= SVET plant growth system =

Space greenhouse on the Kristall module of the space station Mir

SVET (свет, "light") was a plant cultivation unit on the Kristall module of the Mir space station. It was installed in 1990 and operated until 2001. Several experiments achieving successful seed-to-seed plant growth were conducted there between 1997 and 1999.

==Foundation and Hardware==

The project was a joint Russian-Bulgarian one, developed at the Space Research and Technology Institute in Sofia. The greenhouse was later upgraded as part of a cooperative experiment carried out by Institute of Biomedical Problems in Moscow and Utah State University. Svet had a cultivation area of 0.1 m2 and was capable of maintaining static air temperature and substrate moisture.

==Experiments==

In 1995-1996, wheat was successfully grown in the unit. The experiment was the first to show that a full wheat growth life cycle can be achieved in space. While seeds weren't formed in these experiments, this was attributed to a high level of ethylene in the station atmosphere.
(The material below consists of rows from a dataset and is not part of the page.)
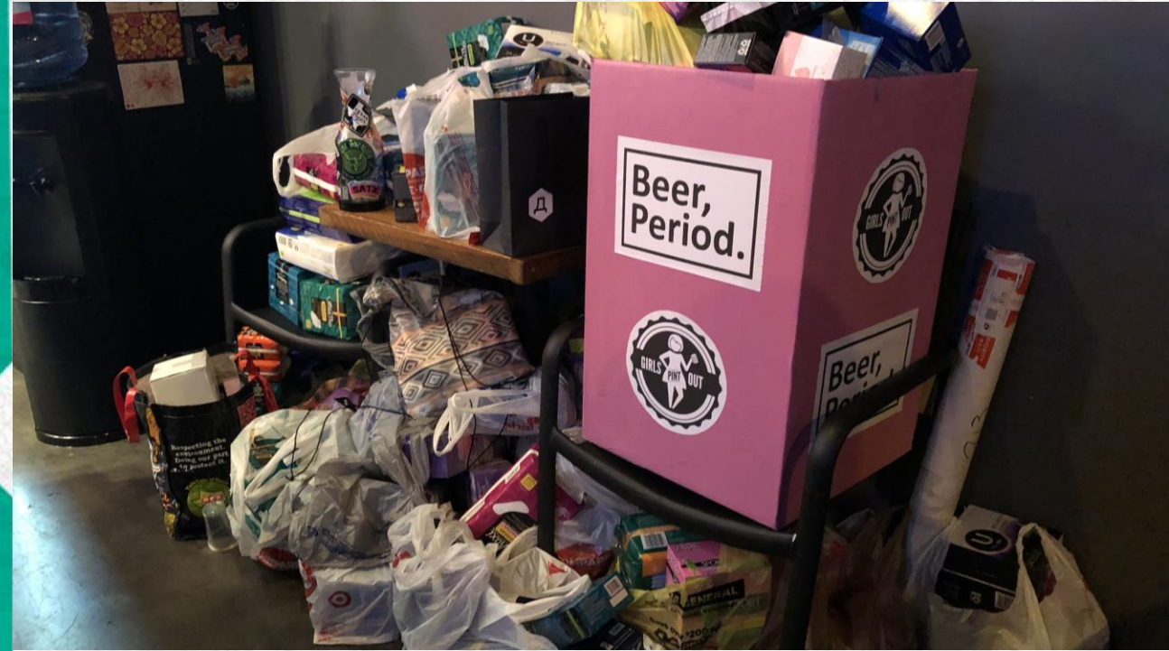
Beer, Period. Girls Pint Out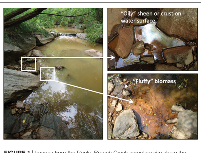
FIGURE 1 | Images from the Rocky Branch Creek sampling site show the "oily" sheen or crust and orange "fluffy" appearance of the biogenic iron oxide and biomass material present, illustrating the macroscopic nature of these deposits.

The postdoctoral researcher involved in the project presented the final third of the presentation focused on an overview of what can be observed and measured in the field, including water temperature and pH, and size and morphology of the iron oxide formations ( Figure 2 ). This was complemented by a description of what can be subsequently analyzed in the lab to give the students a clearer image of how the field-sampling event fits into the bigger scientific study. Methods of growing the iron oxidizing bacteria collected from the stream were shown and different laboratory systems to study the formation of biominerals and how they interact with other chemicals in water were disclosed. The final slides encompassed an overview of the protocol the students would be following at the field site and the proper personal protective equipment (PPE) needed for this type of sample collecting activity.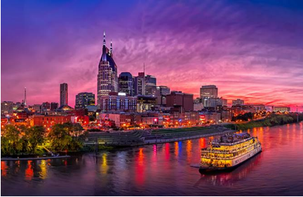
Nashville - Tennessee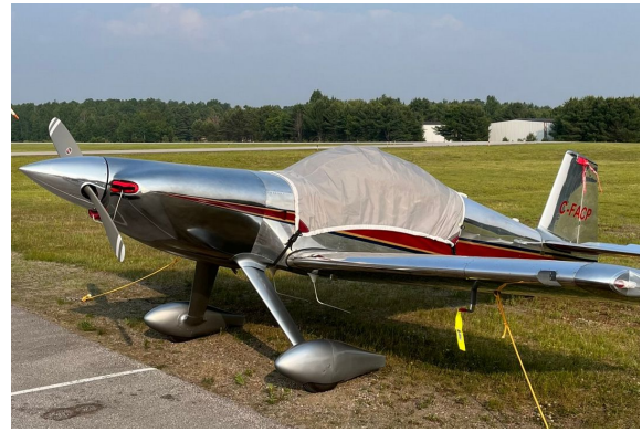
Harmon Rocket Travel Light Weight Canopy Cover Std Windshield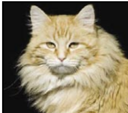
Beautiful yellow tabby got a great home.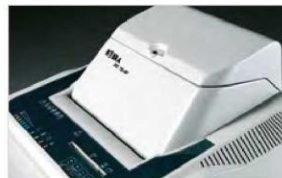
LOCKABLE COVER (LK)

It can shred automatically 170 sheets, whilst the operator can shred paper in the main throat and CDs/DVDs/Credit through the dedicated cutting unit, at the same time.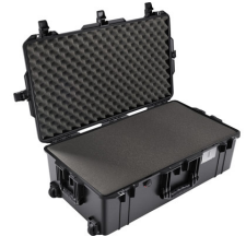
1615WF With Foam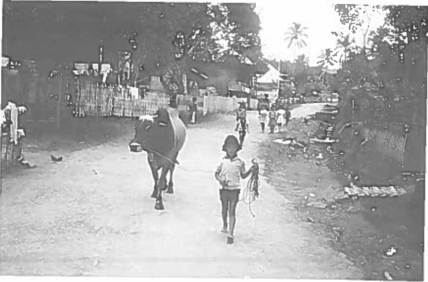
6. A street on the perimeter of the village centre

In another experiment, full seed-to-seed plant growth was achieved in 1997, when Brassica rapa was successfully grown there. Later experiments in 1998 and 1999 achieved full growth life cycle with Apogee wheat less sensitive to ethylene.

==Legacy==
Following the experiments, Lada plant growth unit was developed jointly by Institute of Biomedical Problems and Utah State University Space Dynamics Laboratory to succeed the SVET unit. It was installed on Zvezda (ISS module).